You'll have to show me when that changed from theory to silicon, as well you'll have to show me a x86 machine that can do overlapping loop execution, without hardlocking.
Well, a K7 can do that (and K8 and Core 2).
Perhaps even a humble Pentium 2.
With register renaming, thanks to Tomasulo's algorithm, and speculative execution (the branch will be correctly predicted as taken except the first and last time).
Each loop iteration will use a different "shadow" register, until the instruction retire.
As for speculative execution, or as some of you are coining it speculative OOO (I have never heard of someone calling it that), or simply brand prediction, I’ve never heard of someone calling speculative execution speculative OOO my bad.
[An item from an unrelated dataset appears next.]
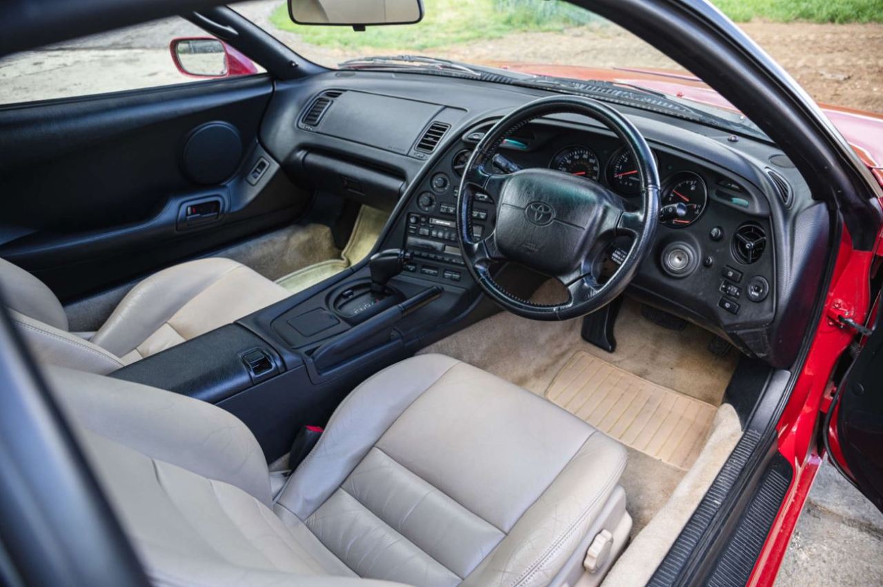 Terminado en color rojo sobre llantas originales de cinco radios, este Toyota Supra de cuarta generación combina con un interior donde los asientos están tapizados en cuero beige, a juego con la moqueta, y el salpicadero, la consola central y los paneles de las puertas son de color negro. El estado general del vehículo es bastante bueno, aunque luce algunos signos de desgaste en el interior, especialmente en los asientos.

With that in mind yes modern x86 machines are capable of software pipelining, but it is done at the compiler level not at the machine level, which is the case with EPIC. It’s noticeably more efficient to be done on EPIC than x86, based on x86’s register limits as apposed to EPIC’s.
It also should be noted that software pipelining is quite difficult to implement on x86 and is nearly all cases is faster and much easier to do a straight forward loop, or use Duff's technique to do your loop unrolling which is easier and quite a bit simpler.
Why are you bringing the Tomasulo's algorithm into the argument, I quite aware that it gave birth to out-of-order execution processors? You look that up on Wiki to make me look stupid?
Nope, OOO execution existed before Tomasulo's algorithm was invented, and it was based on a simpler algorithm, called Scoreboarding.
Tomasulo's algorithm allows dynamic loop unrolling at HW level, that's why i mentioned it.
And if i find the time i might provide an example of this, but not tonight though (yes it's night here

).
And no, i didn't look it up in a Wiki, since i'm teaching it in a course on computer architecture in a college..

Did you mention me lookin it up in a Wiki to make me look stupid?
😉